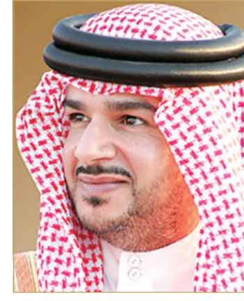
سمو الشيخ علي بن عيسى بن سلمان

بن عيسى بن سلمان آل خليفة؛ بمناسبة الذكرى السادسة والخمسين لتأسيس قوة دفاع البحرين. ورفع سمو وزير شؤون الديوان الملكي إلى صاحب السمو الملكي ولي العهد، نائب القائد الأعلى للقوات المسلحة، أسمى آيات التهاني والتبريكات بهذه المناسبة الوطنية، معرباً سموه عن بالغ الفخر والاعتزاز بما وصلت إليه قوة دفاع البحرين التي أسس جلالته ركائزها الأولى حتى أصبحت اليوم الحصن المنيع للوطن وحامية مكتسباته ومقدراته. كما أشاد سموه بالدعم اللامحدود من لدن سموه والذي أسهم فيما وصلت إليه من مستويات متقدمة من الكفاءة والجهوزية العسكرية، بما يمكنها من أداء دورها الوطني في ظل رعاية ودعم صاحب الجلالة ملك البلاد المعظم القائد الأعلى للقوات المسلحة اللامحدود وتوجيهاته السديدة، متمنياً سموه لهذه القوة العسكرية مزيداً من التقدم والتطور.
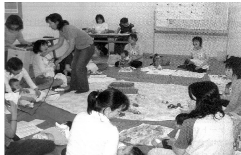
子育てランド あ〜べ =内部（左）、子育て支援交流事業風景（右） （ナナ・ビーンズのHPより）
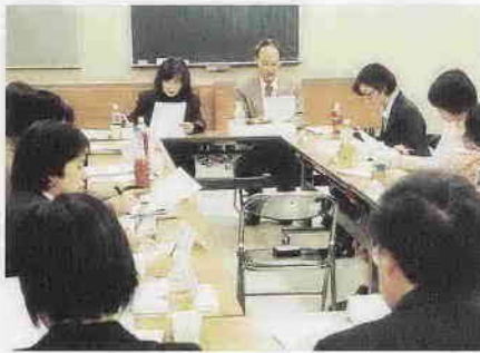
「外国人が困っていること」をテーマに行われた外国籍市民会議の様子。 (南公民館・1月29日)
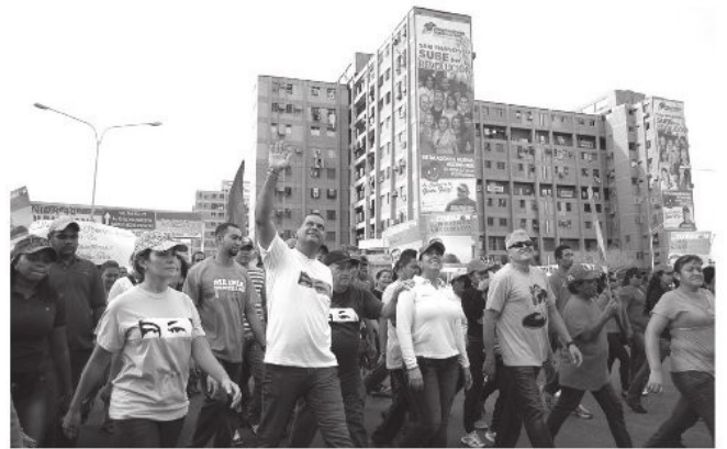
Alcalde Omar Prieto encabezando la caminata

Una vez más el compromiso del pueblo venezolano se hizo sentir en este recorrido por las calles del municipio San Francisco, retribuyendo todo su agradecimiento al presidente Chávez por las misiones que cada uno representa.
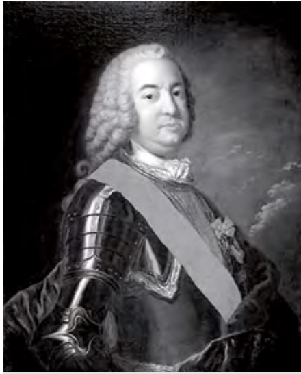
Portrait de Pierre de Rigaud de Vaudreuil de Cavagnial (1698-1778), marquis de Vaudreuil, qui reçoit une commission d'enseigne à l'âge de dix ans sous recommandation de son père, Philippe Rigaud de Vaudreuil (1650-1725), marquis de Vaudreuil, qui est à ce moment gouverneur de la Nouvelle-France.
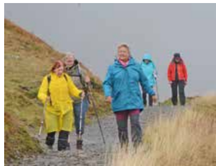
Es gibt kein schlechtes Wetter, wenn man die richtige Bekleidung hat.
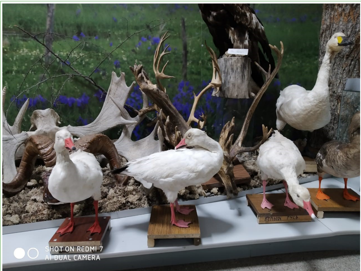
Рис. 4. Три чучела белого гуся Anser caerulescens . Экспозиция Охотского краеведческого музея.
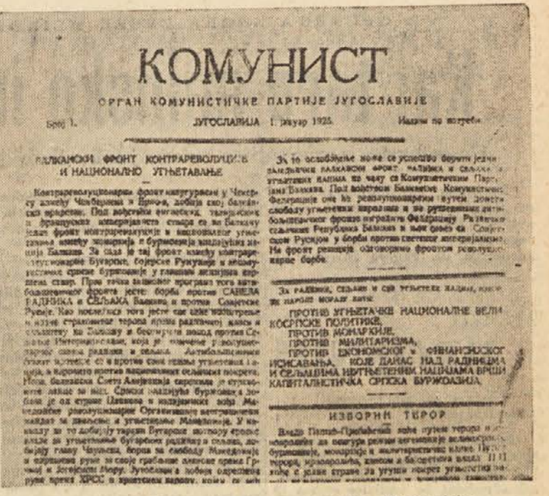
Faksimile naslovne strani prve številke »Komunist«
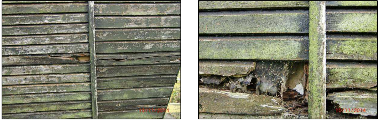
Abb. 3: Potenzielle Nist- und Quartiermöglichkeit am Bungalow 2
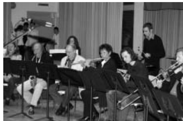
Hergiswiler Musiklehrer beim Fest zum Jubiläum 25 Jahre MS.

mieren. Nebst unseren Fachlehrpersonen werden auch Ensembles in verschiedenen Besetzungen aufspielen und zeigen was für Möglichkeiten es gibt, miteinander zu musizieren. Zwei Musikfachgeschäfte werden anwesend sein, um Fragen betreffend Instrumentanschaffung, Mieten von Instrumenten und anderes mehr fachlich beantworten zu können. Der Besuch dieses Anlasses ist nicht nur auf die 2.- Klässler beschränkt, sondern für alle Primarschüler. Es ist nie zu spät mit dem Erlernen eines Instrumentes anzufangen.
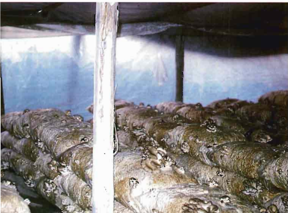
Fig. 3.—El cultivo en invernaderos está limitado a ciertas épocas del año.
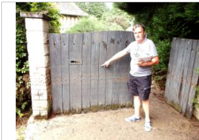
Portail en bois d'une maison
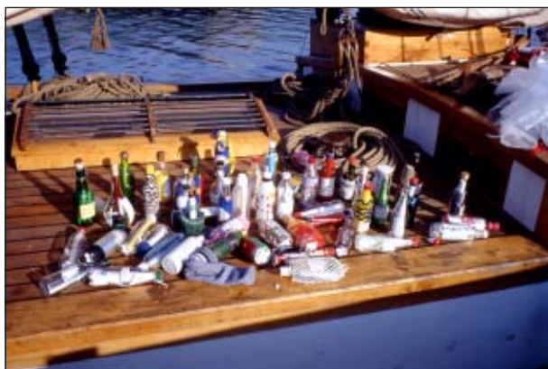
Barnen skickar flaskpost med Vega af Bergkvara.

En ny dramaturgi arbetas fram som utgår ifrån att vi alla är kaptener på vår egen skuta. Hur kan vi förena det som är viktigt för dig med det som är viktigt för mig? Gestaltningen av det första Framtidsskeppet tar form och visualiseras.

--------

__Goal of the exercise__:
Where the line with "Faksimile naslovne strani" appears in the entries above, begin there and restate every line to the end word for word, minus the pictures.

__Response to this exercise__:
Faksimile naslovne strani prve številke »Komunist«
Abb. 3: Potenzielle Nist- und Quartiermöglichkeit am Bungalow 2
Hergiswiler Musiklehrer beim Fest zum Jubiläum 25 Jahre MS.

mieren. Nebst unseren Fachlehrpersonen werden auch Ensembles in verschiedenen Besetzungen aufspielen und zeigen was für Möglichkeiten es gibt, miteinander zu musizieren. Zwei Musikfachgeschäfte werden anwesend sein, um Fragen betreffend Instrumentanschaffung, Mieten von Instrumenten und anderes mehr fachlich beantworten zu können. Der Besuch dieses Anlasses ist nicht nur auf die 2.- Klässler beschränkt, sondern für alle Primarschüler. Es ist nie zu spät mit dem Erlernen eines Instrumentes anzufangen.
Fig. 3.—El cultivo en invernaderos está limitado a ciertas épocas del año.
Portail en bois d'une maison
Barnen skickar flaskpost med Vega af Bergkvara.

En ny dramaturgi arbetas fram som utgår ifrån att vi alla är kaptener på vår egen skuta. Hur kan vi förena det som är viktigt för dig med det som är viktigt för mig? Gestaltningen av det första Framtidsskeppet tar form och visualiseras.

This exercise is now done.